Experts have warned that due to plunging car prices thousands of motorists are in 'negative equity' on their vehicle loans. It means many car buyers are in similar positions to those whose mortgages are bigger than the value of their home. Altogether the total amount that is owed on car loans and the value of the vehicles could be as much as 272 million.
If you have bought your car on a personal contract purchase (PCP) finance deal the problem is a lot worse. The total amount owed last year was 2.13 billion pounds. These contracts usually involve making a series of monthly instalments. You then make a final payment after two years to secure ownership of the car. This is based on what the vehicle is predicted to be worth.
However, these estimates are now highly inaccurate, as predicted future values proving to be much higher than the current value. These shortfalls have found to be as much as 49 per cent between some car's predicted value and their actual value in the economic downturn.
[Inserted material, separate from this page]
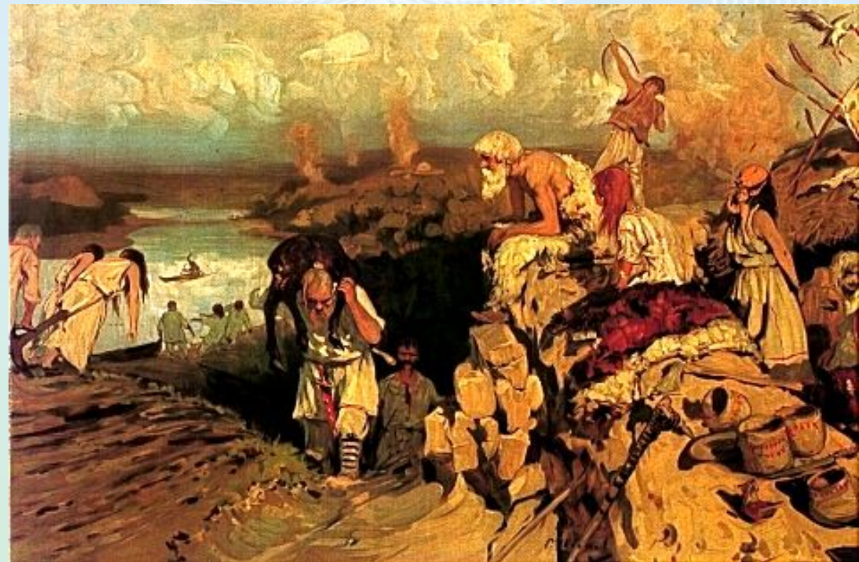
А. Иванов. Жизнь восточных славян.

An example of this is: a two year old Volvo XC90 with a predicted value of 18,775 pounds now has an actual value of 12,600 pounds, according to research by the magazine Auto Express based on figures from CAP, the car data analysts. A 3 year old BMW 750i with a predicted value of 22,400 pounds is worth 15,600 pounds, a drop of 44 per cent.
A spokesman for the AA, said: 'This is shocking news. Many people will suffer.' He said this will harm the new car market as well as negative equity on cars stopping buyers from taking up such finance deals.
The Finance and Leasing Association said that it was important that drivers remembered that car values could end up higher or lower than the MGFV. However, as buyers had the option of simply handing back their keys, the risk was with the dealer, rather than the buyer.
The gentleman from the AA said: 'Those who have had their fingers burned will not have any incentive to buy another new car under this type of deal.' An Auto Express spokesman said: 'The slump in values means drivers who bought their cars on PCP are left with a final payment that's more than the vehicle is worth. It leaves drivers out of pocket.'
The credit crunch and recession has led to a slump in car sales so motorists are caught in a vicious spiral. This has then hit the resale values of cars when drivers come to resell or trade in their vehicles. It does mean bargains for buyers though, but those trying to sell or trade in their cars will find their vehicles are worth thousands of pounds less than they had hoped for.
In the last year sales of new cars plummeted by 37 percent, the worst fall for more than 28 years. Makers of top end luxury and sports cars, large 4X4s and 'gas-guzzlers' are bearing the brunt of the crash, with sales drops far in excess of that average.